Locate the line containing "Cat Heart Temporary" in the entries below, then retype it and every later line exactly, leaving out pictures.

┌─ Data for this task

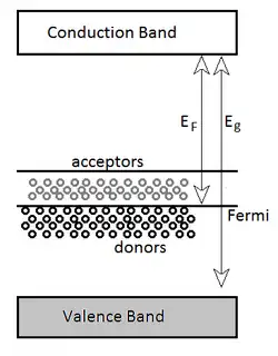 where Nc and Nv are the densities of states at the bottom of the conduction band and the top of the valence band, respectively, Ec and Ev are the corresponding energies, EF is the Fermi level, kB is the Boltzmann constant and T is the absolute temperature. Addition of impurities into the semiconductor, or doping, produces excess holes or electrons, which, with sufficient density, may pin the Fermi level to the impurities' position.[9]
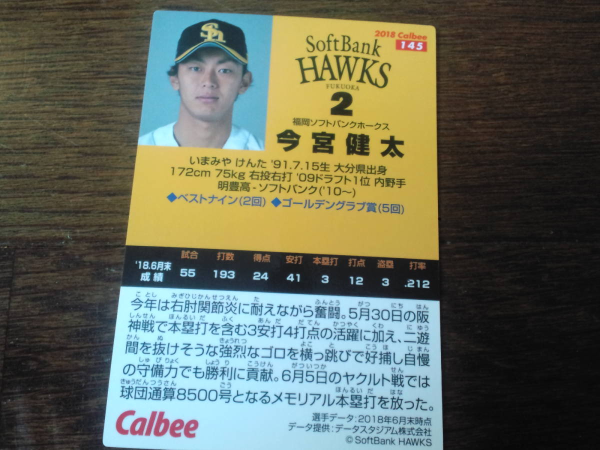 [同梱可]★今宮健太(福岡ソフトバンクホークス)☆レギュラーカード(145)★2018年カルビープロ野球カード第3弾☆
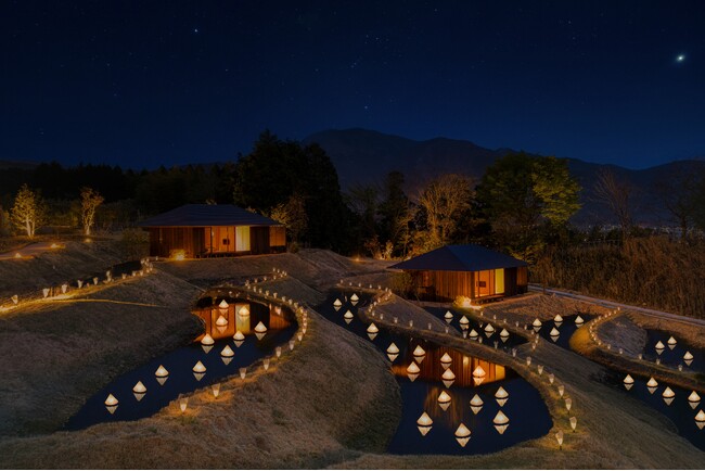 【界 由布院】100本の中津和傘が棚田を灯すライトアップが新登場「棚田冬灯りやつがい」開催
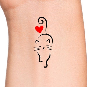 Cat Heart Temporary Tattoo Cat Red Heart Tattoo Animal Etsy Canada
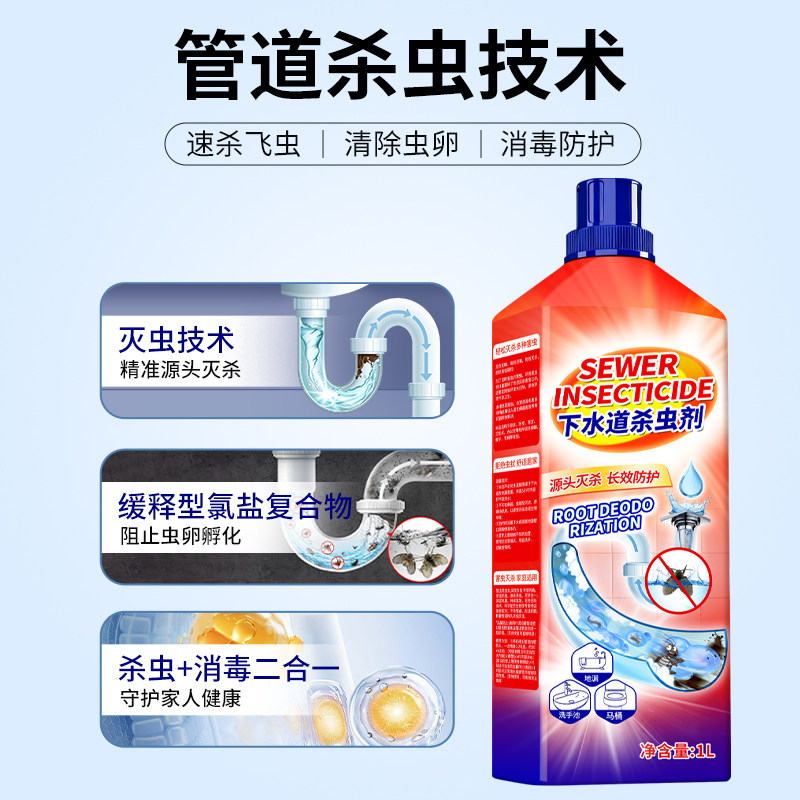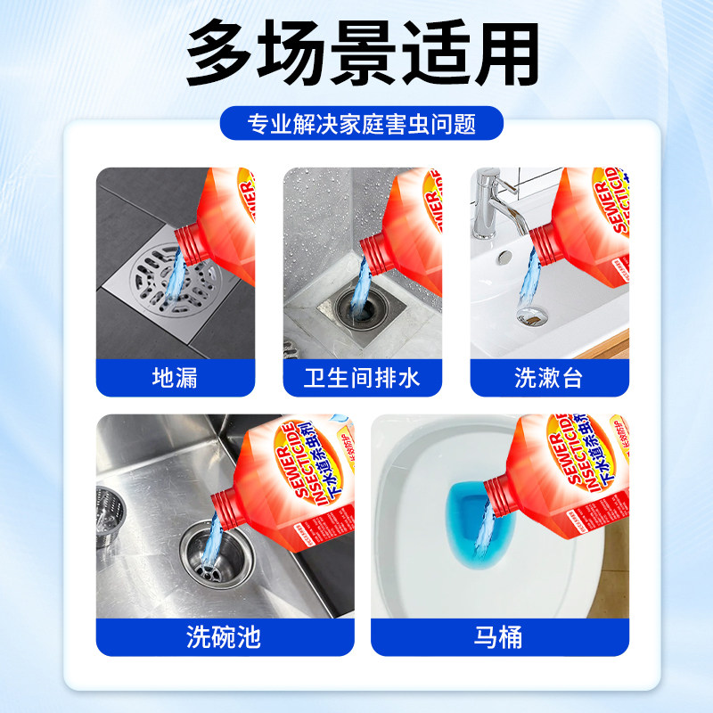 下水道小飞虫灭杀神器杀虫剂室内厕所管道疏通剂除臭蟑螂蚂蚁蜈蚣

└─

**Your response:**
 Cat Heart Temporary Tattoo Cat Red Heart Tattoo Animal Etsy Canada
 下水道小飞虫灭杀神器杀虫剂室内厕所管道疏通剂除臭蟑螂蚂蚁蜈蚣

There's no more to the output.